- Posthumous portrait of Lewis by John Copley
- Born: 22 March 1735 Farringdon, London, England, Kingdom of Great Britain
- Died: 22 February 1791 (aged 55) Chislehurst, Kent, England, Kingdom Of Great Britain
- Allegiance: Kingdom of Great Britain
- Branch: British Army
- Rank: Colonel
- Conflicts: Seven Years' War Siege of Louisbourg; Battle of Havana; ; American Revolutionary War Battle of Quebec (1775); Great Siege of Gibraltar; Battle of Martinique; ;

= George Lewis (British Army officer) =

British Army Colonel

George Lewis (March 22, 1735 – February 22, 1791) was a Colonel in the British Army and commander of the Royal Artillery at the Siege of Gibraltar.
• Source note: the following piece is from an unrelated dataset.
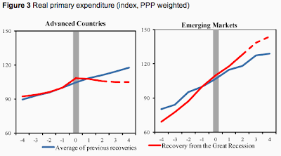 First, government expenditures, used to stimulate moribund economies, in the advanced and emerging economies are very different this time as shown on these these graphs:
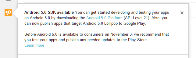 Корпорация Google разослала разработчикам приложений для своей мобильной операционной системы письма с уведомлением о том, что обновление Android до финальной версии 5.0 Lollipop станет доступным пользователям третьего ноября. Поэтому Google напоминает, что уже сейчас авторы ПО могут воспользоваться Android 5.0 SDK для написания и тестирования собственного программного обеспечения, работающего с новой версией ОС, внести заранее необходимые корректировки в ПО и подготовить приложения для размещения в цифровом магазине Google Play.

He served in the several campaigns against the French and Spaniards in America, from 1757 to the end of the war in 1762, and was present at the taking Louisburgh, Quebec, Martinique, and Havannah. He is most famously known for the events that took place on 13 September 1782, at the Siege of Gibraltar, when the artillery under his direction set fire to and destroyed all the floating batteries of the combined forces of France and Spain. For this he was awarded a mark of Royal favour by King George III. He was also a sitter in The Siege and Relief of Gibraltar by John Singleton Copley.

==Personal life==
Lewis was born in Farringdon, Berkshire to Joshua and Elizabeth Lewis on 22 March 1735 and had one sister. He married Mary Russel on 3 May 1764 and had eight children.

==Military service==
Lewis fought in many battles including the Battle of Havana and the Siege of Louisbourg. He also commanded a company of the 2nd Battalion, Royal Artillery, during the defense of Gibraltar from 1779 to 1783.